A pint of cola and a glass of pure malt whiskey, please
It looks like 2003 will end on a relatively happy note for the Scottish whiskey industry. Feelings have been running high for most of the year because multi-national booze company Diageo -- who also own Guinness -- had pulled the wheeze of subtly changing the description of their Scottish Cardhu whiskey from single malt to pure malt -- meaning that it still had no grain alcohol but that it was a mixture of several barley malts, and not just one, as the single malt designation would require. Diageo had the problem that Spanish yuppies were falling over themselves in the rush to the bar for more of the stuff, to the point where they were running low on enough malt from the source distillery -- the necessary 12 years of ageing means that responding to increased demand is not just a matter of speeding up the assembly line.

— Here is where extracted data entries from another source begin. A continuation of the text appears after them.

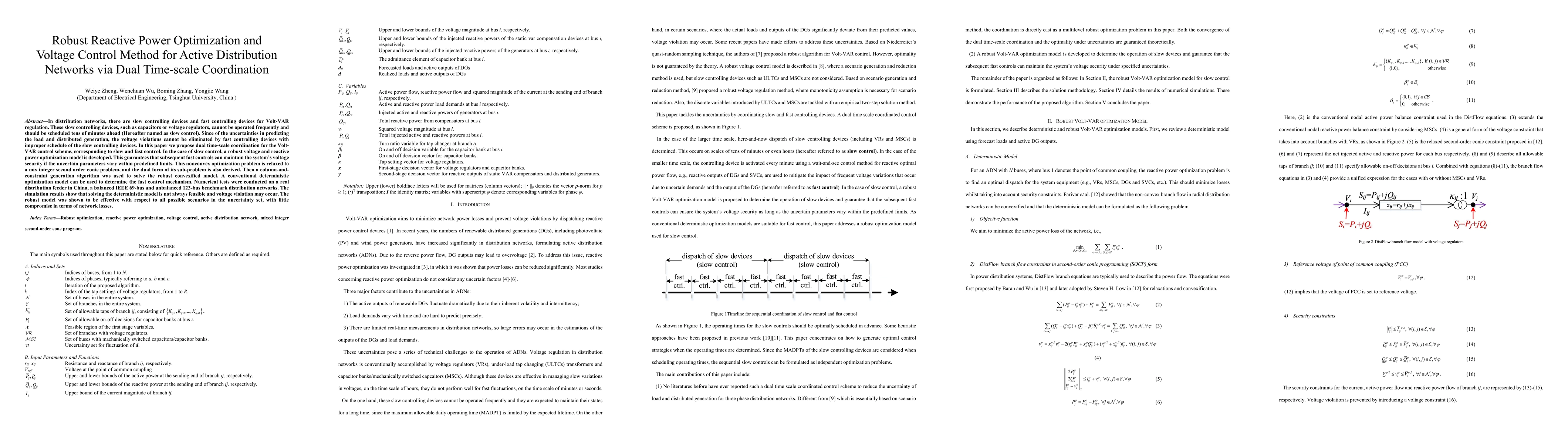 This paper proposes a dual time-scale coordination method for Volt-VAR control in active distribution networks, addressing uncertainties in load and distributed generation. It develops a robust optimization model for slow control to ensure voltage security, transforming the nonconvex problem into a convex form, and uses a column-and-constraint generation algorithm for solution. Numerical tests show that the robust model effectively handles uncertainties without significant increases in network losses.
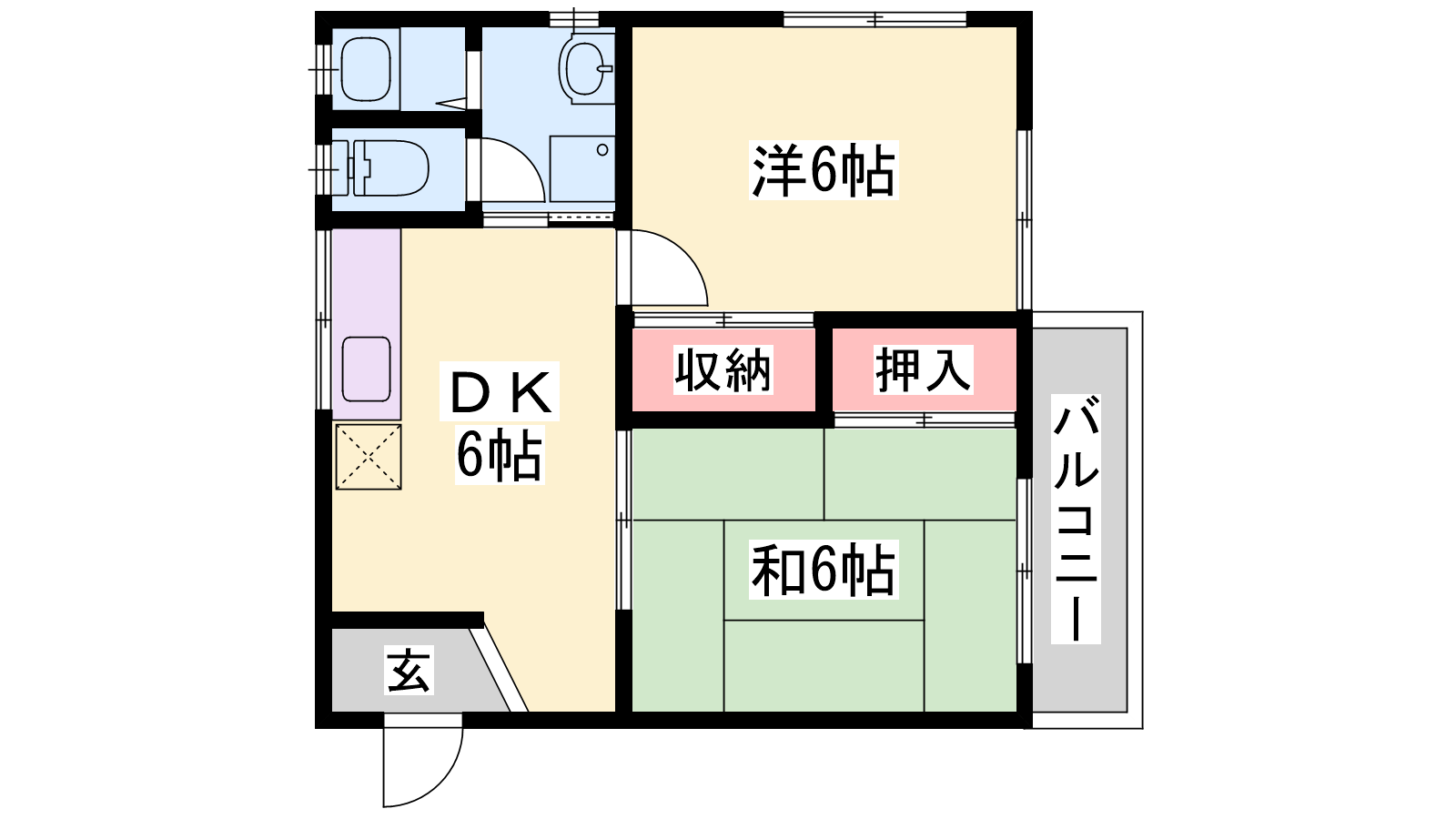 - DK5帖、洋室6帖、和室6帖
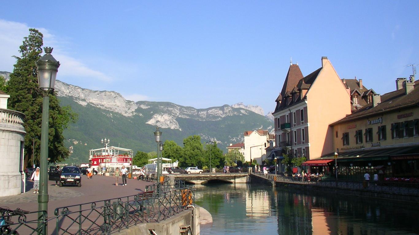 Обои Канал на фоне гор в городе Аннеси, Франция
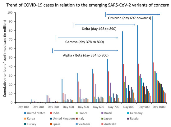 Soon after the first reported case of COVID-19, the WHO was monitoring the global epidemiology of COVID-19 by regularly updating the situation report since 21 January 2020 [36]. In addition, data on the number of COVID-19 cases and deaths was also available in the public domains of the European Centre for Disease Prevention and Control [37], academic institutions [38], and public media [39,40,41,42]. On 11 March 2022 (two years after the start of the COVID-19 pandemic), there were 447 million confirmed cases, constituting 6% of the global population, about the combined population size of the 27 countries making up the European Union, with 6 million (0.075% of the world population) deaths [43]. As of 25 September 2022 (day 1000), 14 (6.3%) of 222 countries or areas had recorded over 10 million cumulative confirmed cases (Table 1). These 14 countries accounted for 407 million cases, which constituted 67% of the COVID-19 infections in the world.
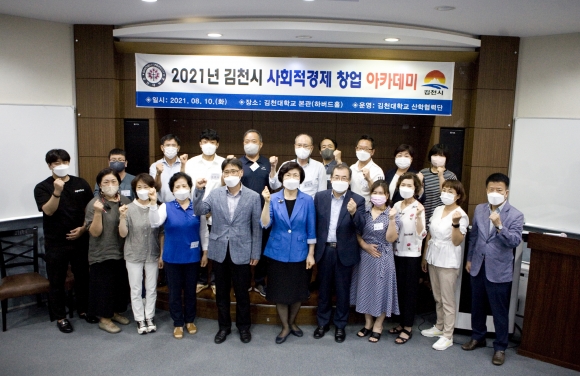 | 김천대학교(윤옥현 총장) 산학협력단(백열선 단장)과 김천시(시장 김충섭)는 사회적경제 기업가를 발굴·육성하기 위해「2021년 김천시 사회적경제 창업 아카데미」를 지난 10일 김천대 본관 하버드홀에서 개최했다.
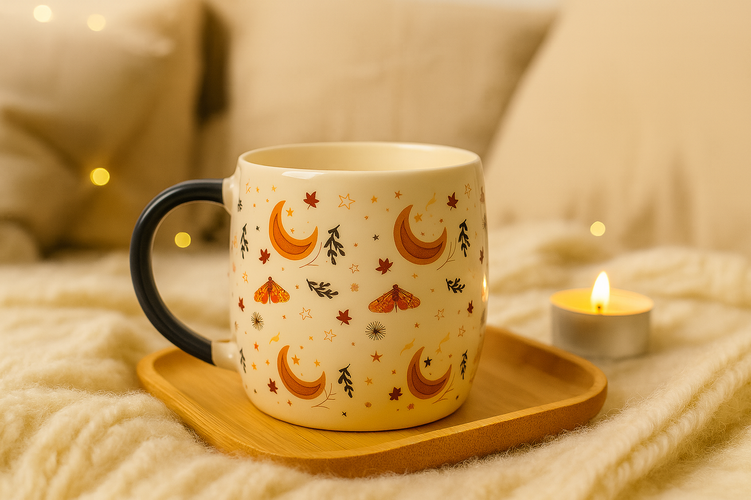 🦋 Savourez votre boisson automnale préférée dans cette tasse en céramique ivoire, ornée d'une élégante lune des moissons entourée de feuilles délicates et d'étoiles dorées. Le choix parfait pour des soirées cosy ou comme cadeau pour quiconque adore la beauté de la saison 🍂
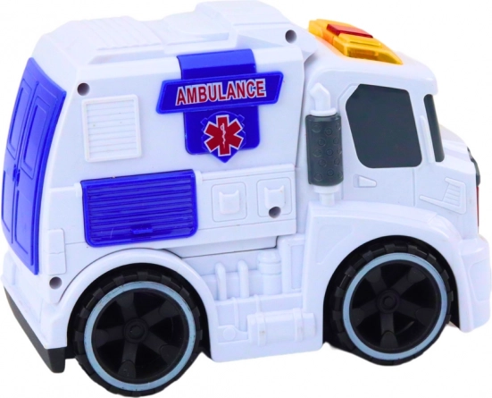 Ambulanța redă sunete de sirenă și motor și clipește ca un vehicul de salvare real – perfect pentru jocuri pline de acțiune.
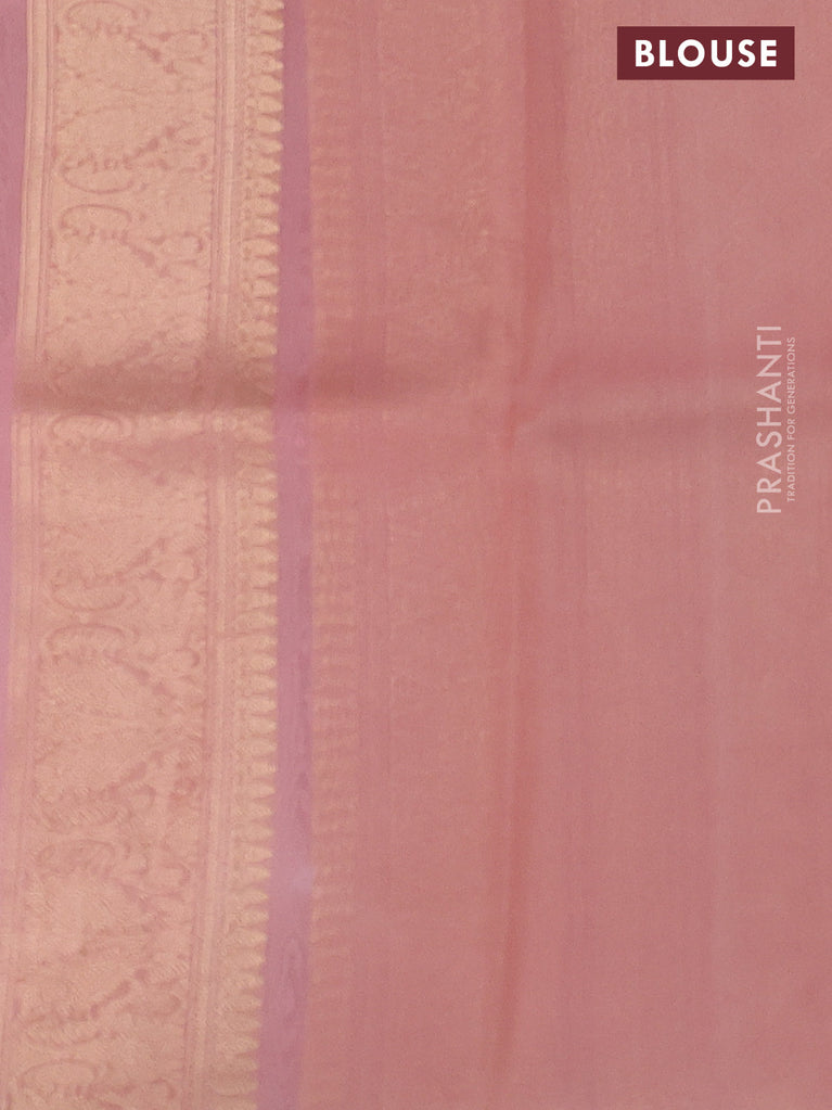 Banarasi organza silk saree pastel pink with silver & gold zari weaves and zari woven piping border
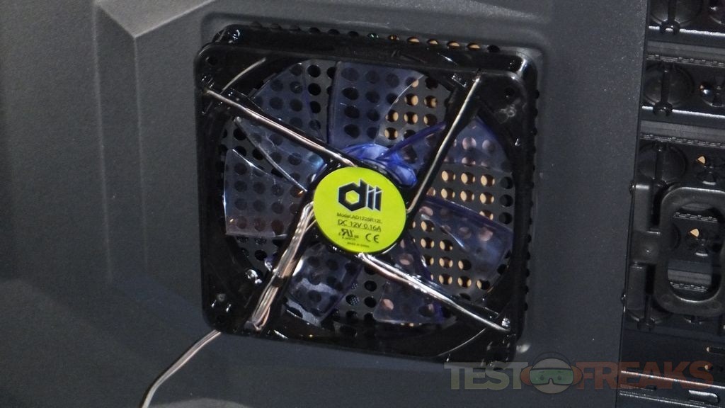 Behind the USB ports you’ll fine two 120mm fans pre-installed.
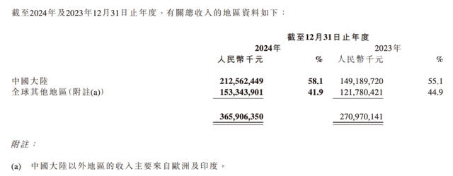 小米集团近六成收入来自中国大陆 来源 / 小米集团 2024 年财报
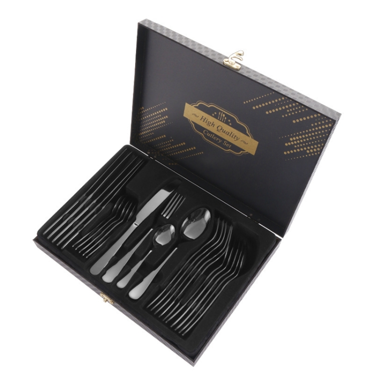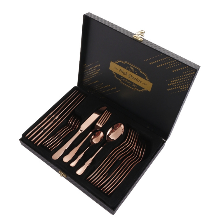 24pcs/Set Wooden Boxed Stainless Steel Cutlery Knife Fork Spoon Steak Dinnerware Set
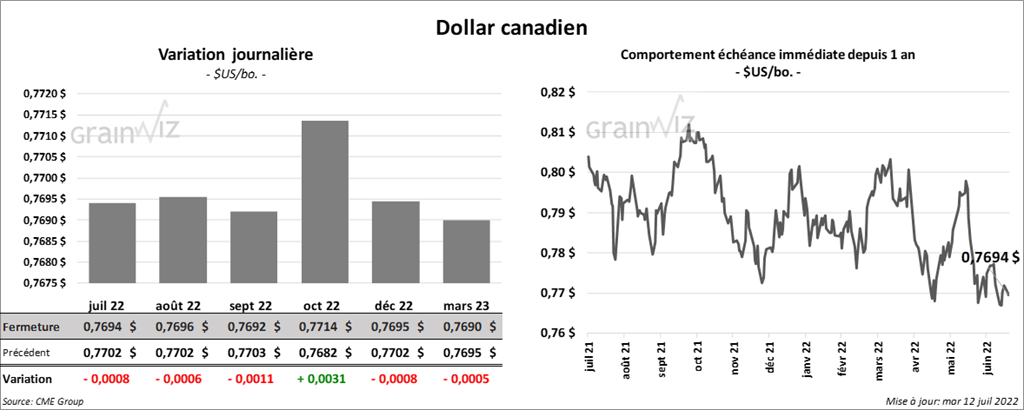 - Le rapport d’offre et de demande de juillet a été présenté ce midi. L’USDA a estimé la production de maïs US à 14,505 milliards de boisseaux, ce qui est une augmentation de 0,3 % comparativement à l’estimation de juin 2022/23. Les attentes des analystes étaient de 14,452 milliards de boisseaux. La production finale de 2021/22 est comptabilisée à 15,115 milliards de boisseaux. Les rendements ont été estimés à 177,0 boisseaux/acre, ce qui est inchangé par rapport à juin 2022/23 et inchangé comparativement à juin 2021/22. Du côté des inventaires de fin d’année de maïs US, l’USDA estime qu’ils sont de 1,470 milliard de boisseaux, soit en hausse par rapport aux 1,400 milliard de boisseaux de juin 2022/23.

Now, we're not huge fans of Diageo, not least because of those periodic rumours that Guinness operations in Ireland could be scaled down in a cost-cutting move. But in this case, it's hard to see how any company could resist the temptation to increase supply of such a lucrative product. And the uproar from single malt distillers, worried about brand dilution, has resulted in Diageo doing the sensible thing and changing the packaging of the whiskey as well the designation, so that anyone remotely serious about their whiskey purchases can tell that the pure malt is a different product. And what of the potential taste difference between single and pure malt? Well, as the Wall Street Journal reports (subs. req'd), it would require quite a lot from the taste buds of the average Cardhu drinker to distinguish them because:
In particular, Cardhu has become an enormous hit in Spain, where young club goers mix it with -- purists, avert your eyes -- Coke.